Forget not the voice of thine enemies: * the presumption of them that hate thee increaseth ever more and more.
Then Daniel, whose name was Belteshazzar, was astonied for one hour, and his thoughts troubled him. The king spake, and said, Belteshazzar, let not the dream, or the interpretation thereof, trouble thee. Belteshazzar answered and said, My lord, the dream be to them that hate thee, and the interpretation thereof to thine enemies. The tree that thou sawest, which grew, and was strong, whose height reached unto the heaven, and the sight thereof to all the earth; Whose leaves were fair, and the fruit thereof much, and in it was meat for all; under which the beasts of the field dwelt, and upon whose branches the fowls of the heaven had their habitation: It is thou, O king, that art grown and become strong: for thy greatness is grown, and reacheth unto heaven, and thy dominion to the end of the earth. And whereas the king saw a watcher and an holy one coming down from heaven, and saying, Hew the tree down, and destroy it; yet leave the stump of the roots thereof in the earth, even with a band of iron and brass, in the tender grass of the field; and let it be wet with the dew of heaven, and let his portion be with the beasts of the field, till seven times pass over him; This is the interpretation, O king, and this is the decree of the most High, which is come upon my lord the king: That they shall drive thee from men, and thy dwelling shall be with the beasts of the field, and they shall make thee to eat grass as oxen, and they shall wet thee with the dew of heaven, and seven times shall pass over thee, till thou know that the most High ruleth in the kingdom of men, and giveth it to whomsoever he will. And whereas they commanded to leave the stump of the tree roots; thy kingdom shall be sure unto thee, after that thou shalt have known that the heavens do rule. Wherefore, O king, let my counsel be acceptable unto thee, and break off thy sins by righteousness, and thine iniquities by shewing mercy to the poor; if it may be a lengthening of thy tranquillity.

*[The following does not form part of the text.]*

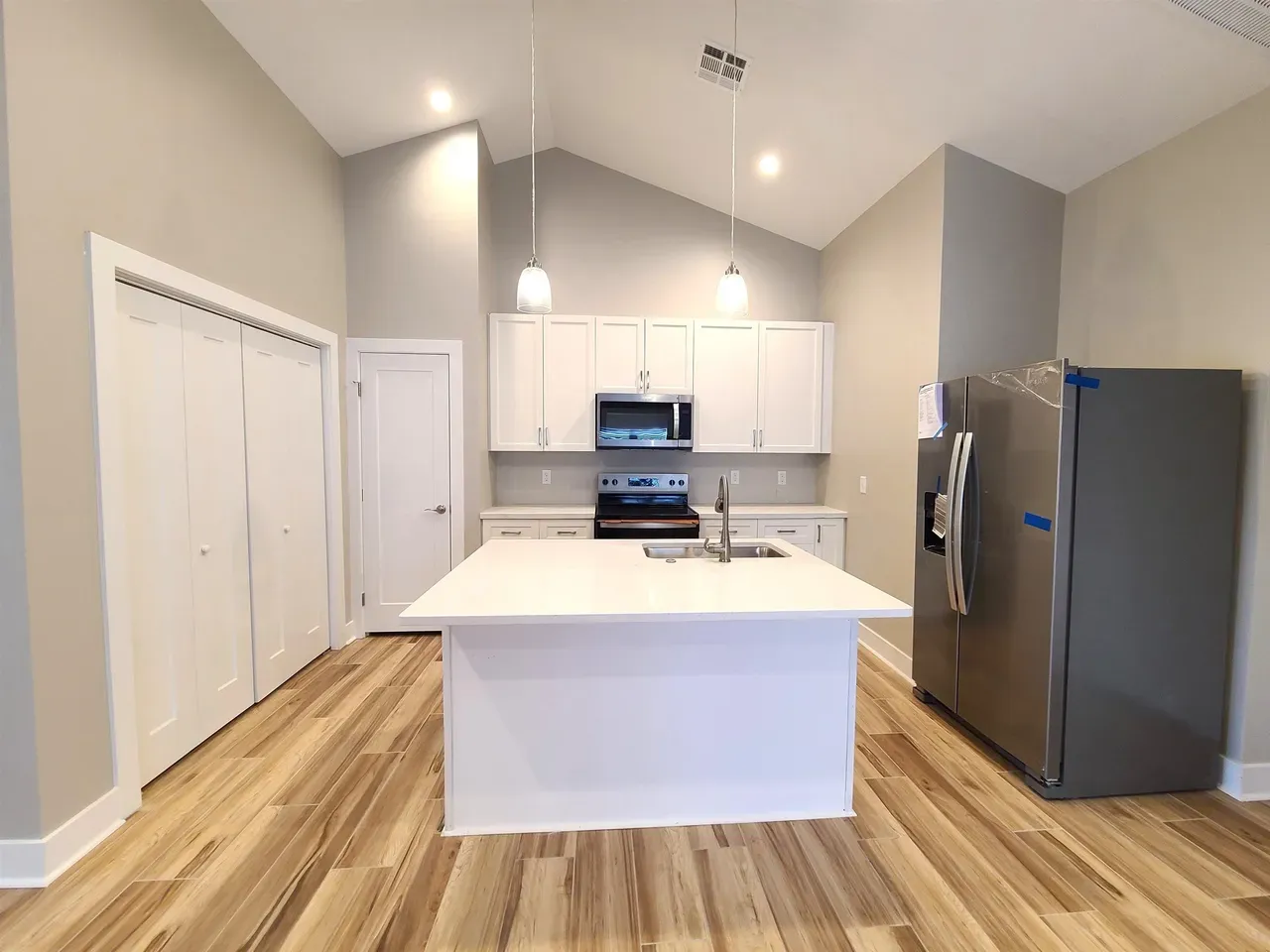 The great room boasts vaulted ceilings and an open floor plan that seamlessly connects the kitchen, dining, and living areas. The kitchen is equipped with stainless steel appliances, ample counter space, and two pantries—each with built-in plug-ins. There’s plenty of room for barstools at the island as well as a kitchen table.

And when it was day, certain of the Jews banded together, and bound themselves under a curse, saying that they would neither eat nor drink till they had killed Paul. And they were more than forty which had made this conspiracy. And they came to the chief priests and elders, and said, We have bound ourselves under a great curse, that we will eat nothing until we have slain Paul. Now therefore ye with the council signify to the chief captain that he bring him down unto you to morrow, as though ye would inquire something more perfectly concerning him: and we, or ever he come near, are ready to kill him. And when Paul's sister's son heard of their lying in wait, he went and entered into the castle, and told Paul. Then Paul called one of the centurions unto him, and said, Bring this young man unto the chief captain: for he hath a certain thing to tell him. So he took him, and brought him to the chief captain, and said, Paul the prisoner called me unto him, and prayed me to bring this young man unto thee, who hath something to say unto thee. Then the chief captain took him by the hand, and went with him aside privately, and asked him, What is that thou hast to tell me? And he said, The Jews have agreed to desire thee that thou wouldest bring down Paul to morrow into the council, as though they would inquire somewhat of him more perfectly. But do not thou yield unto them: for there lie in wait for him of them more than forty men, which have bound themselves with an oath, that they will neither eat nor drink till they have killed him: and now are they ready, looking for a promise from thee. So the chief captain then let the young man depart, and charged him, See thou tell no man that thou hast shewed these things to me. And he called unto him two centurions, saying, Make ready two hundred soldiers to go to Caesarea, and horsemen threescore and ten, and spearmen two hundred, at the third hour of the night; And provide them beasts, that they may set Paul on, and bring him safe unto Felix the governor.
LORD of all power and might, who art the author and giver of all good things; Graft in our hearts the love of thy Name, increase in us true religion, nourish us with all goodness, and of thy great mercy keep us in the same; through Jesus Christ our Lord. Amen.